Another site that showed a low correlation with CASA estimated NPP was the Donaldson flux tower in Florida. This site is a managed slash pine (Pinus elliottii) plantation ecosystem in north-central Florida [29]. The stand is even-aged with the overstory comprising of 100 % slash pine with assorted native species in the understory. Review of the measured NPP pattern shows consistent CASA mode overestimation in January. This is likely a result of the site being located in a warm climate, where evapotranspiration remains high all year but precipitation is inconsistent, leading to spikes that result from rapid soil wetting and drying. Graphing the soil water scalar term against NPP (Fig. 9) shows spikes in soil water stress echoed within CASA NPP. Management and disturbance also played a role in the poor result at the Donaldson site. A 100-year drought was reported from 2000 through the summer of 2002. The CASA algorithm was able to detect this drought as indicated by the similar amplitude observed in the NPP time-series flux; however, CASA was not able to match peaks and troughs measured at the site. Following the drought, fertilizer was applied in 2002 to the plantation. Interestingly, CASA slightly over-predicted the tower NPP measurements despite the fertilizer application, and did not detect a large decline in productivity in June 2002. No major disturbances were reported during 2003 and this year resulted in the highest correlation between the CASA-modeled and the measured NPP fluxes. A series of tropical storms struck the site during the summer of 2004, but the CASA algorithm did not detect the loss of productivity of the forest overstory due to the site being inundated in September following this series of storms.
Fig. 9

Monthly NPP comparisons at the Donaldson tower site in Florida

Discussion

Generally, we found that the revised CASA model with pure-pixel interpolated EVI performed well at tower sites where vegetation was not manipulated or managed and had not been recently disturbed. Sites such as the Sylvania Wilderness and Morgan Monroe, which are large, relatively undisturbed tracts of temperate forest, both had very high correlations with CASA-estimated NPP. Sites such as Goodwin Creek grasslands and the Donaldson managed pine plantation locations both had relatively low correlations with CASA-estimated NPP, which we attribute to the disturbances experienced by these sites.

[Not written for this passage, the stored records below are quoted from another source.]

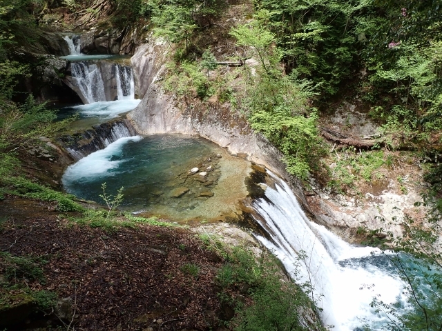 方杖橋を渡り、急な登山道を登っていくと七ツ釜五段の滝に到着します。日本の滝100選にも選ばれている西沢渓谷を代表する景勝地です。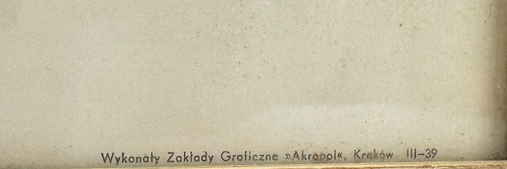 Stan zachowania dobry: niewielkie zabrudzenia, pofalowanie reprodukcji w środkowo dolnej części.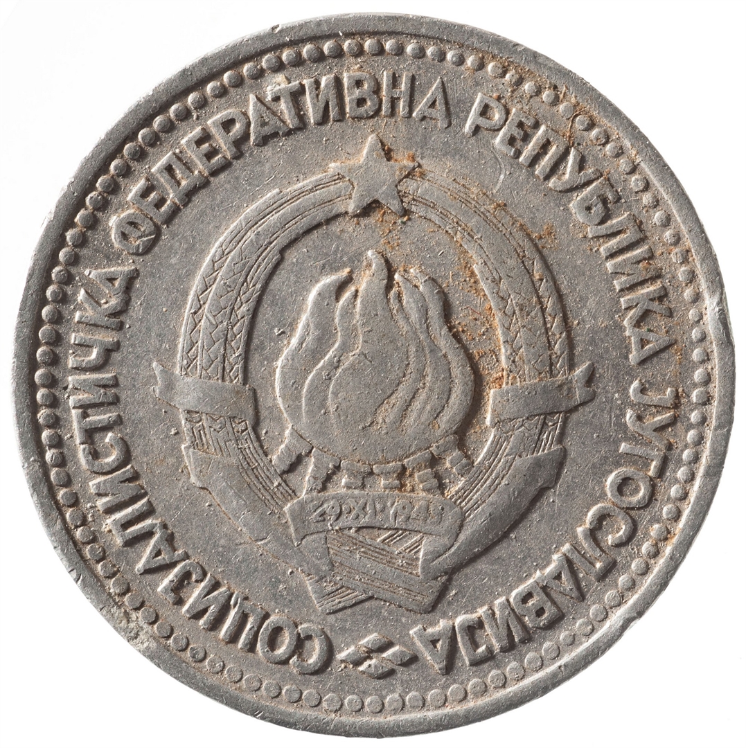 U sredini državni grb. U gornjem djelu uz rub polukružno napisan tekst SOCIJALISTIČKA FEDERATIVNA REPUBLIKA JUGOSLAVIJA na ćirilici.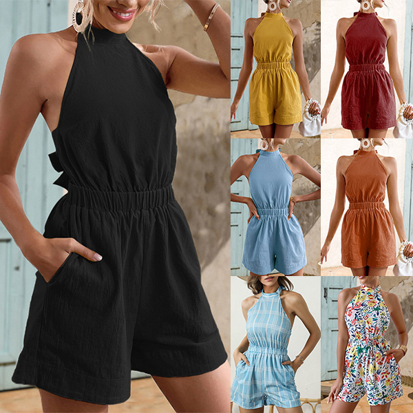 Simple yet chic, this halter neck romper epitomizes a laid-back style. Transition effortlessly from beach days to summer nights—just accessorize and go! Add to your favorites now before this breezy, carefree piece sells out.
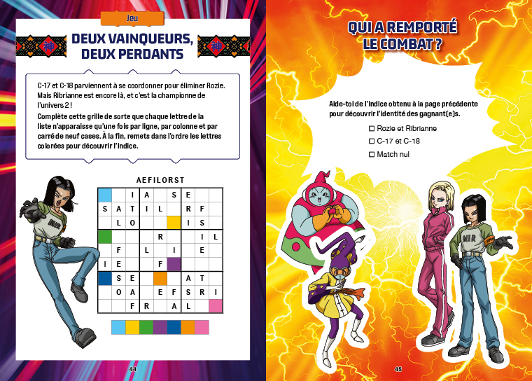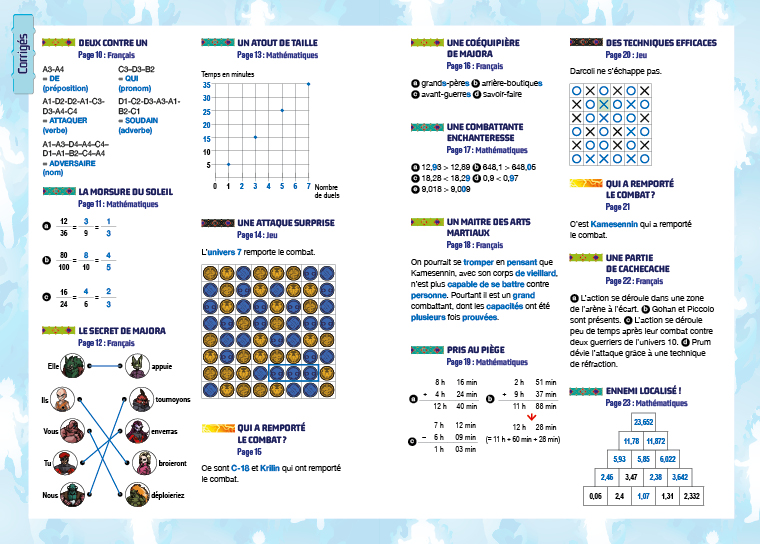 Les héros de l’univers 7 affrontent leurs adversaires. Récolte des indices au fil des exercices, pour découvrir les vainqueurs de chaque combat et bien sûr, le gagnant du grand tournoi.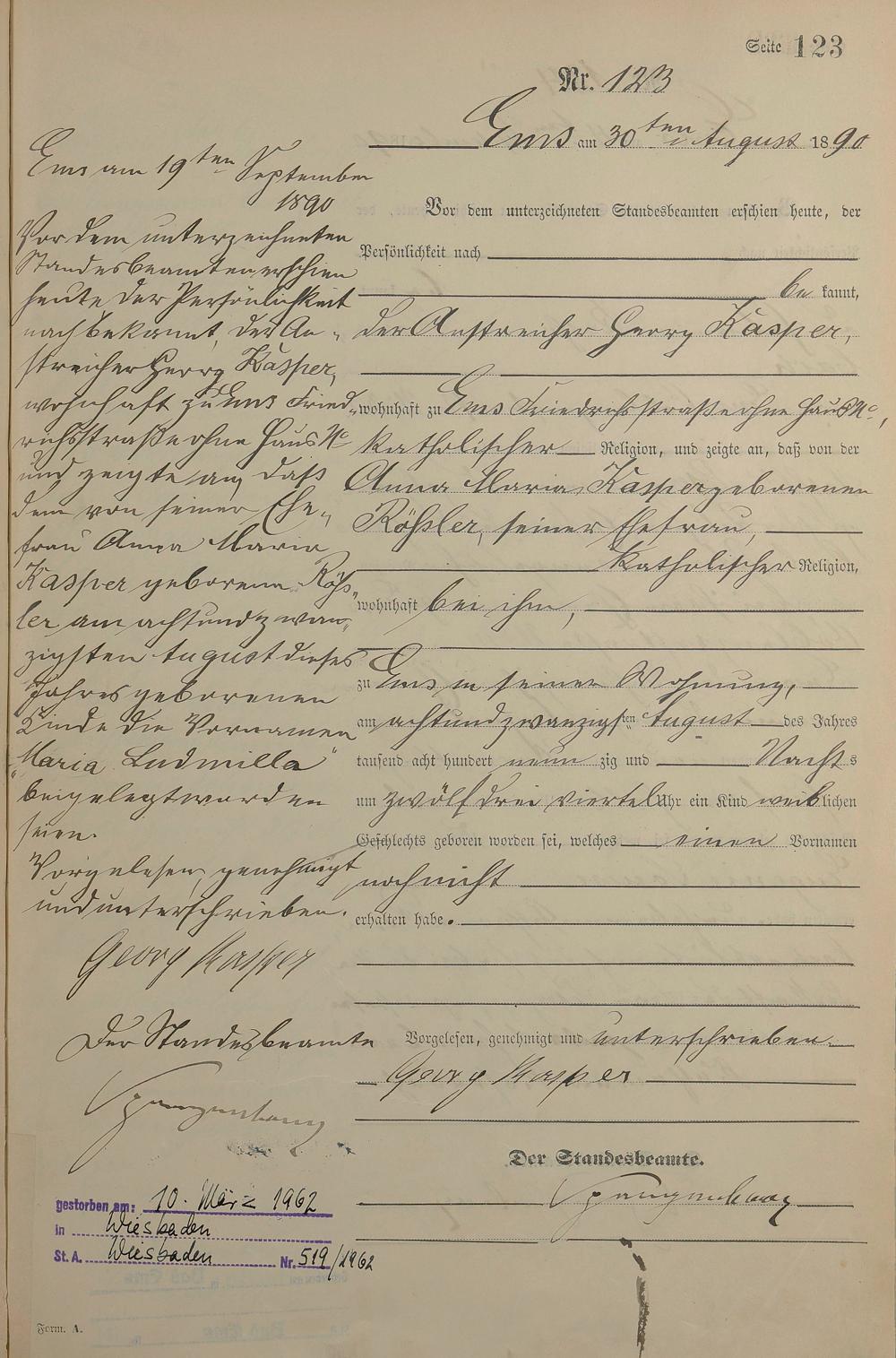 Geburtsregister 1890

Cropland-dominated tower site comparisons exhibited several instances of mistiming and underestimation of peak monthly NPP by the revised CASA model. The southern Plains states fluxes typically measured a cropland NPP peak in April-May, followed by a steep decline in NPP in June-August, which presumably result from, respectively, early springtime rainfall and irrigation and mid-summer harvesting of the various rotating crops. The CASA model did not include the effects of irrigation on boosting crop NPP and yield, which is very commonly practiced in farmlands of the Plains states [28]. The CASA model did not detect a regular June-August decline in NPP measured due to crop harvest practices, indicating the pure-pixel interpolated EVI may have remained high in summer due to inclusion of surrounding grassland and pasture areas that were not harvested at that time and were shown to surround most central tower locations in Fig. 5.

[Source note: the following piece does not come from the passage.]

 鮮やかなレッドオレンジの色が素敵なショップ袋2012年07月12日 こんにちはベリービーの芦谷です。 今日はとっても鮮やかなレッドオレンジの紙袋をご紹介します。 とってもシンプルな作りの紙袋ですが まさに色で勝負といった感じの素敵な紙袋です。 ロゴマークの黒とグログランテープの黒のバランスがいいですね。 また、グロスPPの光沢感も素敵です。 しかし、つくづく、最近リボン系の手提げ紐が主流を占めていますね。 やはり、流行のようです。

Crop rotation also played a role at some agricultural tower sites. At the ARM-SGP tower site in 2005, corn was planted instead of wheat, and the change from a C3 plant to a C4 plant may explain the drop in correlation with the CASA model estimates, since the CASA algorithm uses a constant light-use efficiency term. However, C4 plants (such as corn) tend to have higher light-use efficiency terms than C3 plants (such as wheat). Soybeans were planted in 2006 and again we observed a slight increase in correlation in the rotation from a C4 crop to a C3 crop. This shortcoming in the CASA model could be mitigated by using different light-use efficiency terms based on the crop type found at a particular location. This is one technique that Yu et al. [41] used to modify the CASA model to estimate productivity in China.

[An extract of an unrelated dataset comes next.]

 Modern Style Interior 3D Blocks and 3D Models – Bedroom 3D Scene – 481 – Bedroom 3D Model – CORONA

Changes and discrepancies in land cover used in the study also explain some of the variation in the results. This model relies heavily on land cover inputs and the broad cover classes used may not capture regional differences in vegetation. For example, evergreen forests of the Pacific Northwest are not comprised of the same species as the Slash Pine forests in Florida yet the model treats these land covers as the same. Additionally, the model also assumes that land cover is consistent year to year, which is not what is happening in reality. The static nature of land cover limits the ability of the model to capture land cover changes and adjust NPP estimates accordingly. This can be observed by the low R2 achieved at sites with crop rotations.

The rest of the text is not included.